Cooking mine tomorrow...Winn Dixie is selling 3-4lbs sealed not cut...going to cook whole over coals with few wood chips...was there again today and they reloaded the meat locker with them thngs...thinking of going back buy more and vacuum seal 2inchers for later..

Jimmy


----------



## hjorgan (Sep 30, 2007)

I gotta second the Southern Flavor but don't just use the Original Flavor (it's good though)

I use the newer Garlic Flavor for all my steaks and fish.



It's the easiest and pretty fool-proof -- and I'm a talented fool.


----------



## Chris Couture (Sep 26, 2007)

The best steaks I can find come from badazzchef! I like ribeyes and the ones I've gotten from Chris are well worth the price and everyone I cook them for say it's the best steak they have had in a long time. These are not your grocery cuts!!!



I make my own seasoning which consist of 30% Lawerys, 30% Southern Flavor, 20% Fresh Ground Black Pepper, 10% Garlic Salt and 10% Celery salt. I set the steaks out and cover both sides with the mix and let them sit out at room temp for 30 minutes of so before grilling (allows the meat time to absorb the salts).



I get the grill to as hot as I can get it (700 degrees or so or a good flame if you don't have a temp guage) and put the steaks on for about 4 minutes per side.



Damn, my mouth is watering thinking about it now..


----------



## xl883lo (Oct 24, 2007)

> *crazyfire (1/13/2009)*I am a cheap ass and usually just get cheap sirloins.....what is your fav cut, type...all that good stuff. Where do you get it??


I like a "real porterhouse" or "first porterhouse" (one with a tail). The problem is you can never find them because many processors "remove them" to sell to resturaunts. Atthe grocery store all you get is the "second porterhouse" which is just a good t-bone. Usually to get a "real porterhouse" you will have to go to a high end grocer or to a meat market and order them in advance and they are expensive.

I eat alot of steak so I usually try to find the big sales on t-bones and ribeyes. But one of the best tricks to save money is to look at the chuckeyes(often less than cheap sirloin). Chuckeyes are cut from the center of the roll in the chuck portion but they are not all equal. Start looking at chuckeyes in the store and you will notice some just look like a slice chuck roast and other will look sort of like a ribeye. You want the ones that are cut from the portion next to the ribeyes. I actually think some of these in the "trasition area" are the best steak for the money. They can be just as tender and flavorfull as a ribeye without any gristle and not nearly as much fat.


----------



## AUradar (Oct 1, 2007)

> *Huntinman (1/13/2009)*To save yourself some money go to sams and cut your steaks your self from a huge loin!! You can get 10 to 15 steaks out of the loin and freeze them (vacume sealed works best for freezer burn) and use them when you want. Its only about 60 bucks, compared to the 12 or 13 bucks you would spend for each steak of the same quality!!
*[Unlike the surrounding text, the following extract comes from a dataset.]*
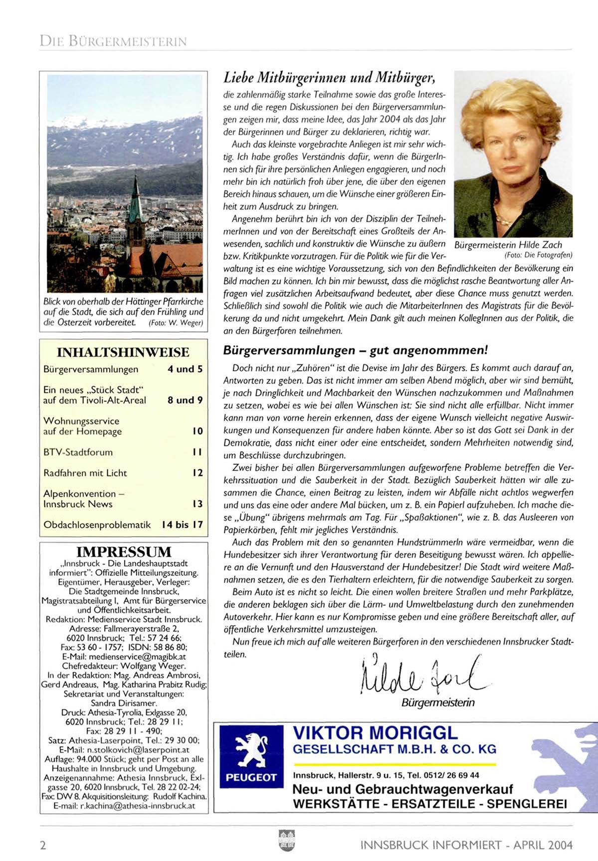 die zahlenmäßig starke Teilnahme sowie das große Interesse und die regen Diskussionen bei den Bürgerversammlungen zeigen mir, dass meine Idee, das Jahr 2004 als das Jahr
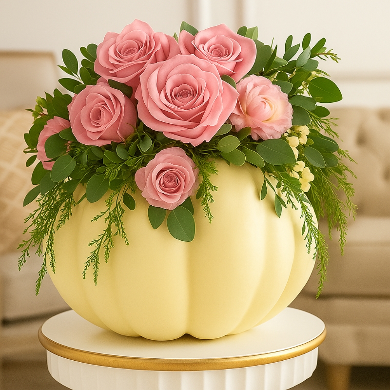 Soft, elegant, and full of charm, our Blush Pumpkin Bouquet is the perfect blend of seasonal style and timeless beauty. A creamy white pumpkin serves as a chic vessel, overflowing with lush greenery and delicate pink roses. This stunning arrangement brings a fresh, modern twist to traditional fall décor.

I like doing this as well. Although I'm not sure about your prices there. I've found I save about $1.50 a pound doing it this way. And even then I'm not sure I'm really saving as you do trim off some fat and stuff (weight) when you slice your steaks. (this is what your butcher is doing). But I like to keep those trimmings to use for steak tips and stuff.

I mainly like cutting my own steak (getting the thickness I want and my wife wants, typically different) and just having a freezer full of steaks.

You can also do the same with pork chops by buying a whole lion. And your country style pig ribs are just sliced up boston butts. I really like doing my own ribs this way as I can cut a lot of fat off the ribs myself.

If you're willing to do the slicing, you can save a little money on your meats.


----------



## "Double Trouble" (Oct 15, 2008)

My wife & I like Cavenders but, would like to try Southern Flavor would like to know where to get it locally.


----------



## Clay Peacher (Oct 2, 2007)

I like the Ribeyes at Apple Market. 

If I'm going cheap - Ribeyes from the Grocery Outlet in Pace. Let'em sit out all day at room temperature in some soy sauce and olive oil. Add a little salt/pepper right before you put them on the grill.


----------



## amberj (Oct 1, 2007)

Ribeye, or a flat ironsalt and pepper only from circle W quality meats in milton. I did have something someone fixed me one time called a tri-tip, its some cut they get out in california. I just remembered that one.


----------



## crazyfire (Oct 4, 2007)

I owe you all a beer!! Thanks for some great ideas!! I never knew about letting them sit out at room temp...learn something new everyday.


----------



## ettaterrell (Jan 8, 2009)

We use to buy ribeyes but their alittle pricey one night my hubby got a T bone and I seen something that looked good called a "Chuck eye" Well that was about 3 years ago and all me and my hubby get now is Chuck Eyes, they have great marbel and are so tender and pretty darn chip... bad thing is you might have to request the butcher to set you some aside when they get their order because there's only couple on each cow so the store doesn't always have alot of them. If we have a get together we pre order about 10 of them, they are small cutes but you can get (as my hubby does) 2 for a meal. They are really great.


----------



## MulatMayor (Sep 28, 2007)

Circle W in Milton will cut you anything!


----------



## ReelDuel (Oct 4, 2007)

Bambi Filet!!


----------



## courantpublisher (Jan 13, 2009)

Sirloin can be the best meat to eat for health and taste if prepared right. I marinate mine in Red Wine Vinegar, Tabasco sauce, lemon juice and Worchestershire. Marinate at least 8 hours and cook slow to preferred doneness.



It will be tender and tasty.


----------



## Gonnamissher (Oct 1, 2007)

I stopped by Winn Dixie last night and picked up some decent filets for $12 on sale from $21. They weren't bad. Topped with Montreal seasoning and chunked garlic. Cooked them with a grilled onion and grilled zuchinni and yellow squash. Looked like most of their steaks were on sale.

Made up for my cancelled business dinner that I was supposed to have.


----------